Throughout his life the Danish-American reporter Jacob Riis was a dedicated champion working to improve the quality of life for the poorest among New York population. He regularly described the squalid living conditions in shabby and degraded NY houses. In 1888 he convinced two amateur photographers to go for a walk about the tenements and take photos of what they would see. Later Riis learned to photograph himself. He used his images as illustrations in lectures and printed works; many of them were included in his book ‘How the other Half Lives’. The journalist was convinced that documentary photography was a far more potent weapon in the struggle for social reforms than the printed or even spoken word.

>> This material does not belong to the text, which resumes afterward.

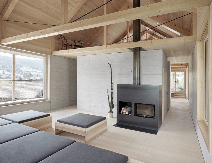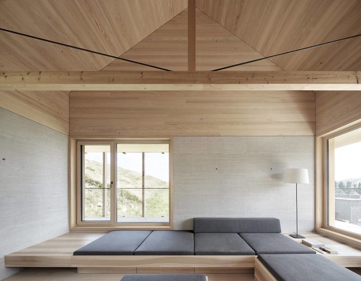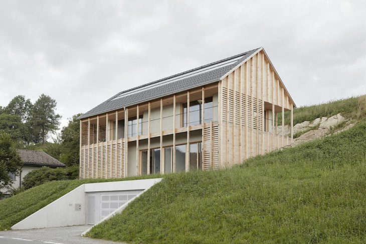 From the architects: Building a house in the picturesque Bregenzerwald valley in Western Austria, on a very steep hill outside the village centre, on a quiet road where several homes of varying size and artistic value had been built in recent years on both sides of the road. The The Höller House is – and will, for topographical reasons, remain – the last house on the northern side.

At the turn of the XX century Lewis Hine began to photograph immigrants flooding the United States. He visited cities’ slums, factories and works. The new magazines, that advocated social law-making, were attracted by Hine’s lofty humanism and willingly published his pictures. In 1908 Hine started a campaign against child labour. He secretly photographed children working in dank factory conditions, moved from one place to another and often drew hostility upon himself. The scope and expression of his images played a crucial role in the adoption of laws banning child labour. Riis and Hine’s photography had a definite current goal – to clearly show the desperate need of reforms – but its humanistic nature and vivid imagery secured a place in United States’ history.

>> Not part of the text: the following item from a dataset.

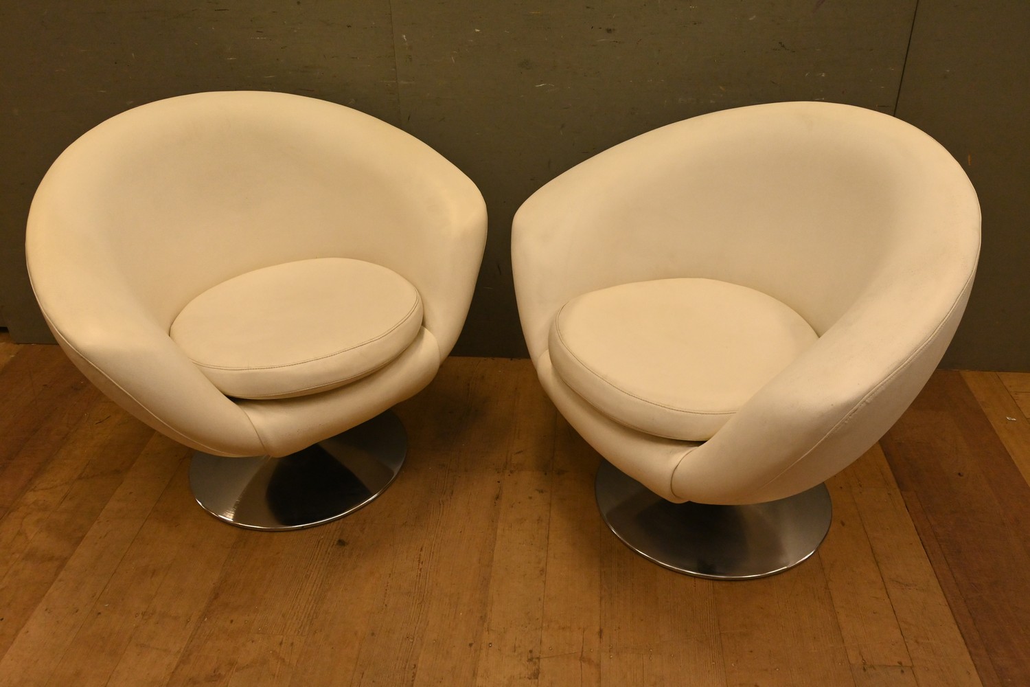 A PAIR OF SWEDISH VINYL LOUNGE CHAIRS (A/F) ( 77H X 87W X 70D CM) (LEONARD JOEL DELIVERY SIZE: X-LARGE)

At that time people started to organize themselves in different camera clubs and communities. They arranged exhibitions. The first expositions were to demonstrate scientific or technical improvements of the process and presented new products, paying no attention to the artistic aspect. But in 1893 a close photography circle in London put together a number of expositions with the aim of showing photographic pictures as pieces of art.

In the United States the cause was promoted by Alfred Stieglitz. He was born in the USA, but studied photography in Berlin and travelled a lot about Europe. Returning to the US in 1890, he continuously perfected his skills and experimented with chemicals and paper that others had discarded. He used a hand-held camera and often worked in very challenging conditions – sometimes in rain or snow – trying to make the most of himself and of photography, too. He saw it as a burgeoning art that could help the master make a statement, express an attitude. Stieglitz’ street life pictures conveyed the dynamics of the city, harmoniously blending lines and forms. Not content to continue on his own, Stieglitz shared his thoughts with other photographers, in his articles and lectures. He inspired people to do more, to conduct a creative search.

Stieglitz often had to deal with those who adamantly confronted his ideas. In 1901 he was invited to set up an artistic photography exhibition at the National Arts Club. Using the new opportunities, shortly before the opening Stieglitz announced a new community he called Photo-Secession. It was more of a movement rather than a formal society – an association for the like-minded people who believed photography’s place was among fine arts. Stieglitz was the uniting element in this new group, guided by the principles of Photo-Secession as declared by Stieglitz. He said that Photo-Secession was to bring together Americans interested in or practising pictorial photography, who would advocate photography as a full-fledged art form – not the assistant of art.

Works of secessionists on the walls of the National Arts Club demonstrated a certain degree of independence in choice of themes and artistic means. There was scenery, misty forests and meadows, downcast faces of beautiful women in flowing dresses; there was genre photography – pictures of peasants at work or captured in a moment of leisure. The tones were impressionistic: the dim light softened contours and blurred details “creating an impression”. Photography clearly echoed the general artistic trends.